═════ SUPPLIED MATERIAL ═════

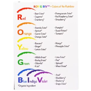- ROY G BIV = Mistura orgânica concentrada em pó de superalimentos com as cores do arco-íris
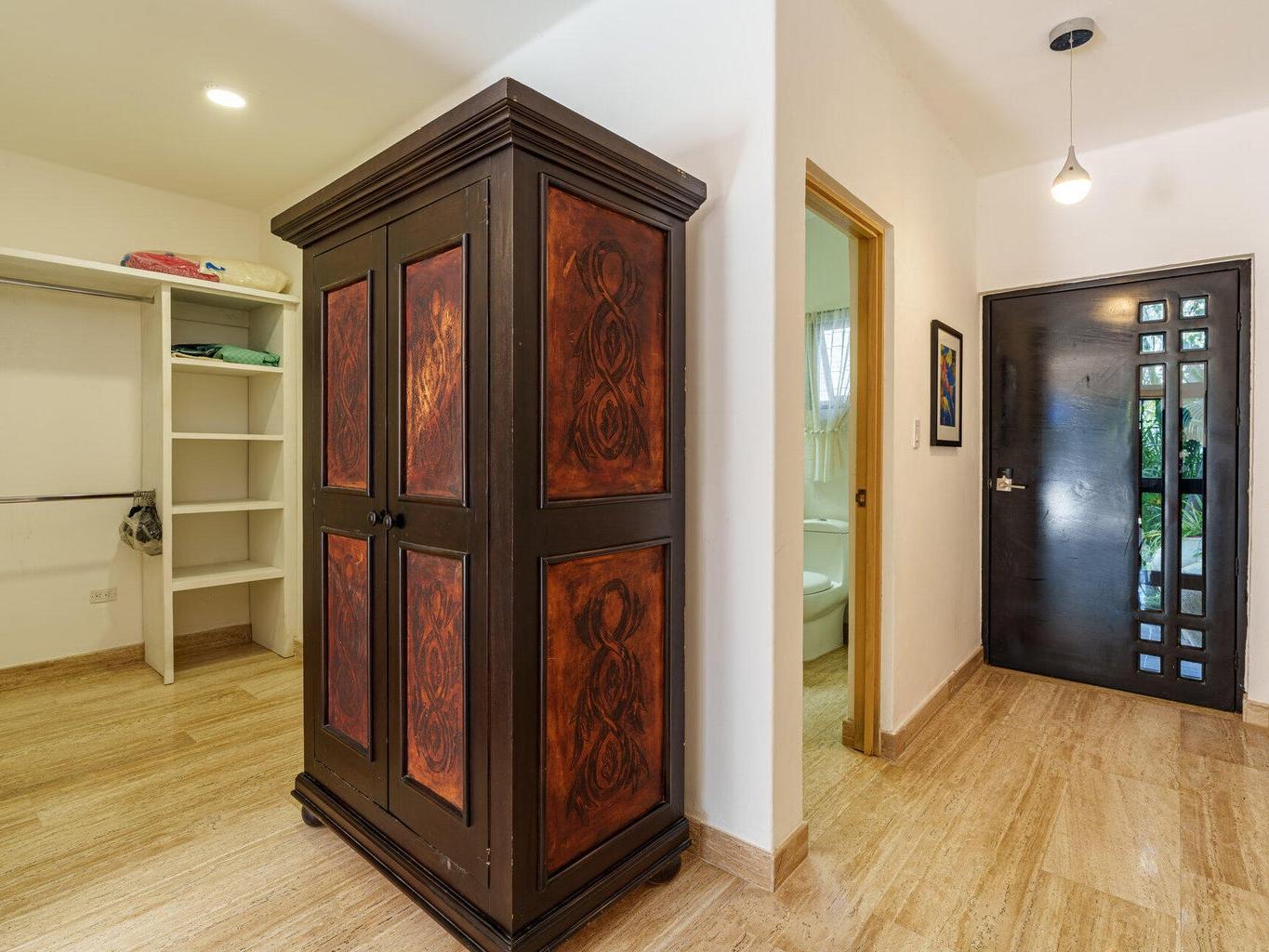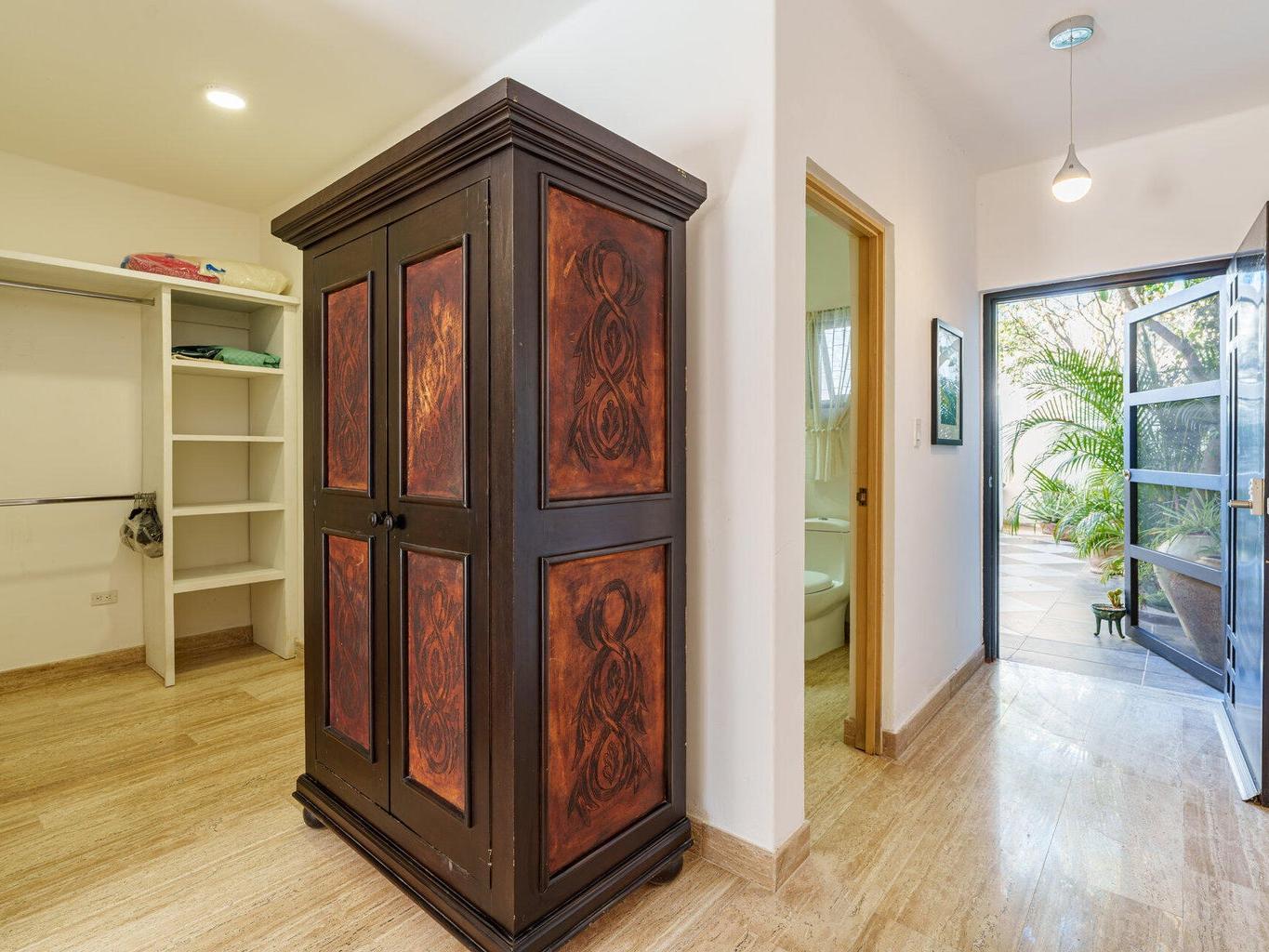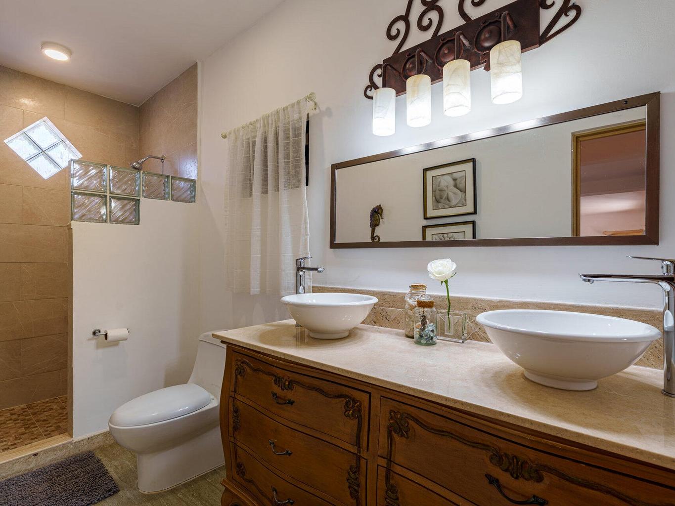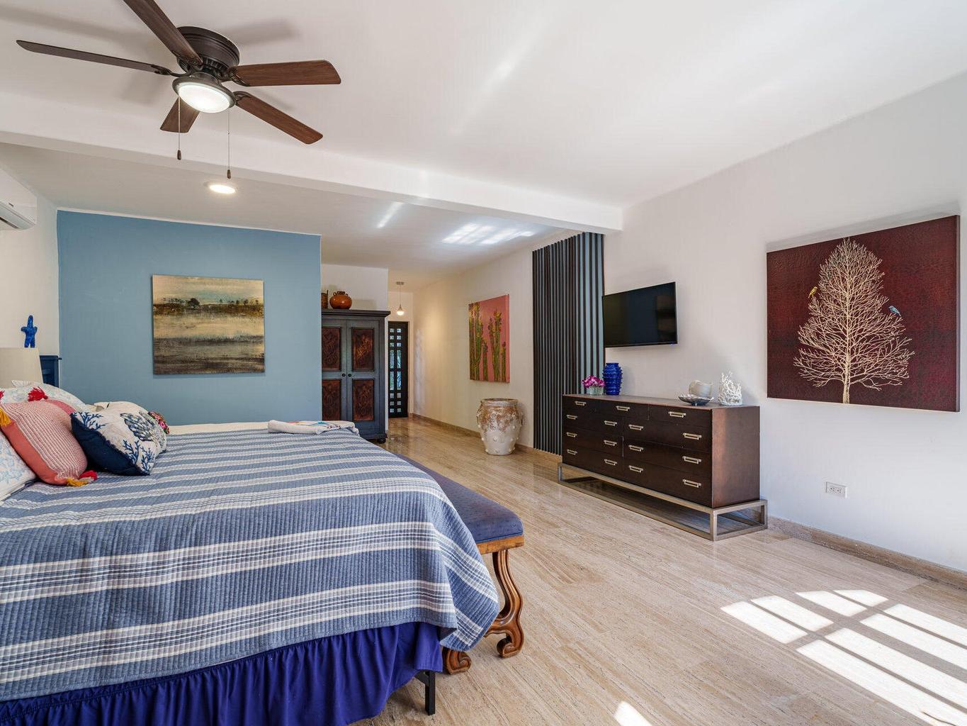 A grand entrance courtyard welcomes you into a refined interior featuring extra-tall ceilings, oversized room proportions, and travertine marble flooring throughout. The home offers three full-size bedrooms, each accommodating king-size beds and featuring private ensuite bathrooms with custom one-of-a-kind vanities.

═════
═════ SUPPLIED MATERIAL ═════

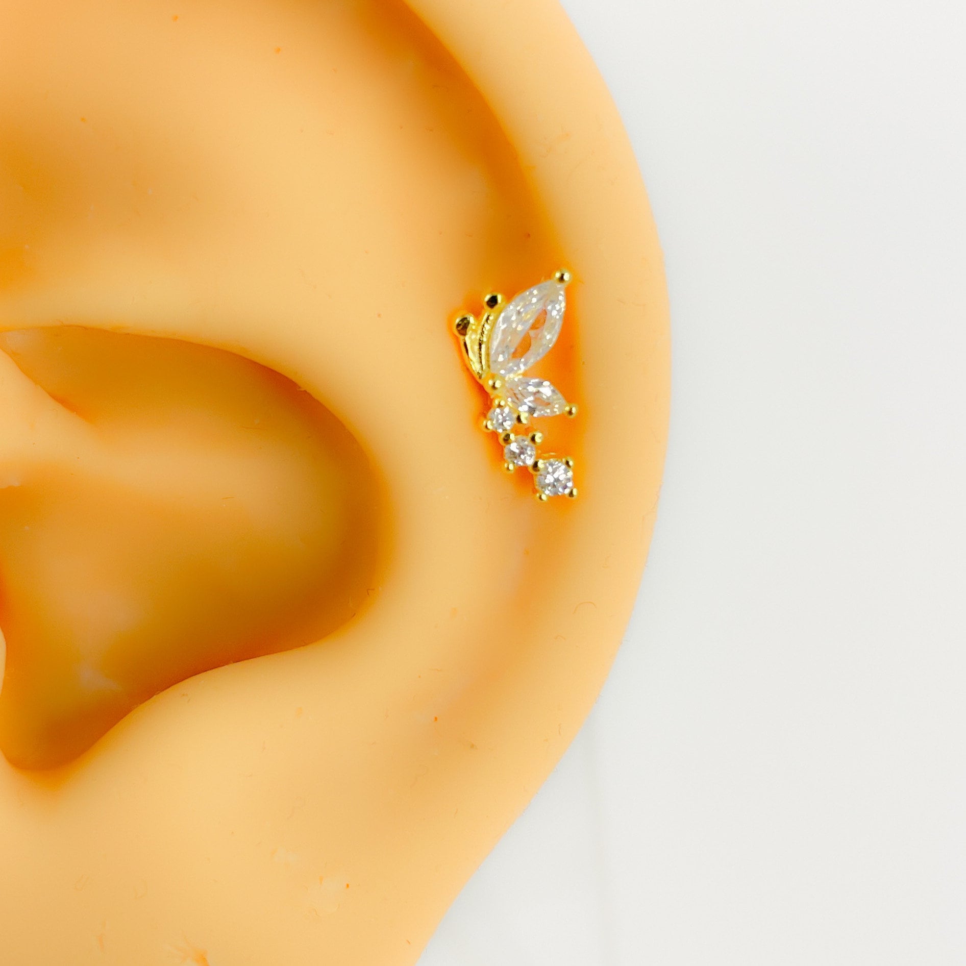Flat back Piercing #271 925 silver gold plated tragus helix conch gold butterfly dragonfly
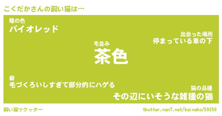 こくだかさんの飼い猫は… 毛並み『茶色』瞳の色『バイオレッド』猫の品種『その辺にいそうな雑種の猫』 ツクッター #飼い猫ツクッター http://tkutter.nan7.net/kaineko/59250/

═════

* **AIM OF THE TASK**: Exercise for the records above: copy only the lines from the one with "- ROY G BIV" to the one with "A grand entrance", both ends kept, and drop the pictures.

* **ANSWER TO THE PROBLEM**:
- ROY G BIV = Mistura orgânica concentrada em pó de superalimentos com as cores do arco-íris
 A grand entrance courtyard welcomes you into a refined interior featuring extra-tall ceilings, oversized room proportions, and travertine marble flooring throughout. The home offers three full-size bedrooms, each accommodating king-size beds and featuring private ensuite bathrooms with custom one-of-a-kind vanities.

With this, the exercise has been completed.